While this hybrid model is effective, it’s not exclusive to HotSpot JVM, as discussed in here and here. Despite the sophistication of the C2 JIT compiler, particularly its use of Profile Guided Optimization, a team of brilliant minds sought to develop an even more powerful replacement. This led to the creation of the GraalVM Compiler, a cutting-edge speculative, profile-guided JIT Compiler designed to supersede C2.
The HotSpot JVM incorporates the JVMCI (Java Virtual Machine Compiler Interface), enabling code to interact with a JIT compiler. Through JVMCI, bytecodes can be passed to a JIT compiler for compilation, and the resulting native code can be integrated into the VM. This interface allows plugging in different JIT compilers, including the GraalVM Compiler, effectively replacing the default C2 JIT.
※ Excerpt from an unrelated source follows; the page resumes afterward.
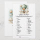 Adventure themed, "What's In Your Purse", baby shower game card with an adorable fox holding a teddy bear riding in a green hot air balloon. The watercolor green sky has white clouds with surrounding gold stars. Templates on back.

While the GraalVM Compiler is included in standard OpenJDK and Oracle JDK distributions, activating it requires specific VM options: -XX:+UnlockExperimentalVMOptions -XX:+EnableJVMCI -XX:+UseJVMCICompiler. A more common approach is to install the GraalVM JDK distribution, which comes pre-configured with the GraalVM Compiler enabled alongside other associated technologies like Native Image, Truffle, and Substrate.
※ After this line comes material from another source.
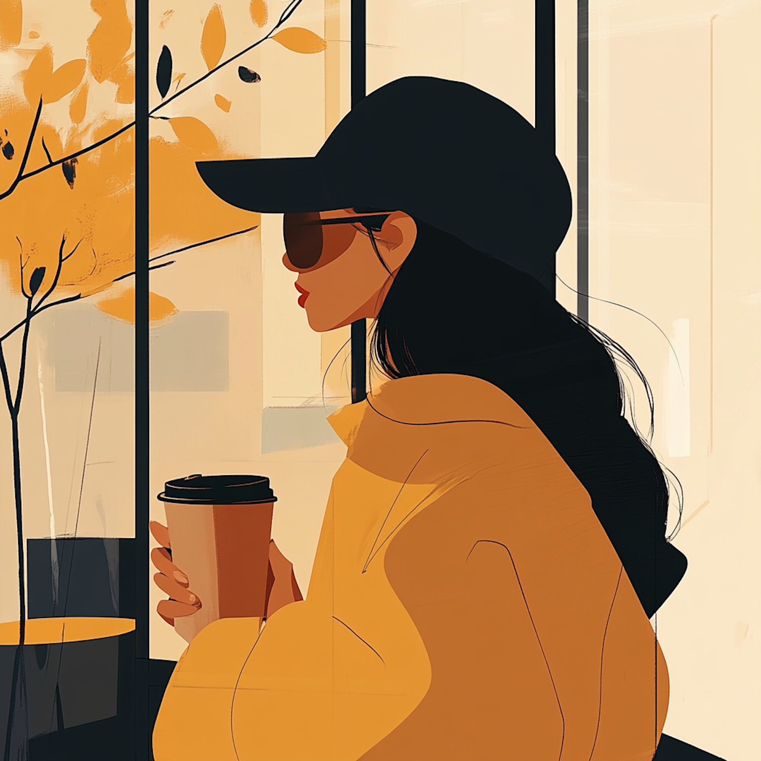 Stylized illustration of a woman in a yellow coat, black cap, and sunglasses holding coffee, set against a warm autumn backdrop.

The GraalVM Compiler itself is written in Java, necessitating the conversion of its own bytecodes into native code. This process, known as bootstrapping, can be achieved through two primary methods. The first involves ahead-of-time compilation using Native Image. Alternatively, C1 can be utilized for initial compilation into non-optimized native code, allowing the compiler to self-optimize as its methods become frequently invoked.
here highlights the GraalVM Compiler’s utilization of an Intermediate Representation (IR). To clarify its role in relation to standard Java bytecodes, this article provides a clear explanation. Essentially, the process follows this sequence: Java ByteCode -> IR -> Machine Code. The JIT compiler translates Java bytecode into SSA IR, represented as a graph encompassing control flow and data flow. Each bytecode maps to multiple nodes in the IR graph (note: some bytecodes don’t have direct IR node counterparts). Optimization then takes place on this IR graph.
While I’ve primarily referred to the GraalVM Compiler as a replacement for the C2 JIT compiler, this article suggests that it replaces both C1 and C2. However, most resources, such as here, explicitly state that it solely replaces C2. This discrepancy requires further investigation.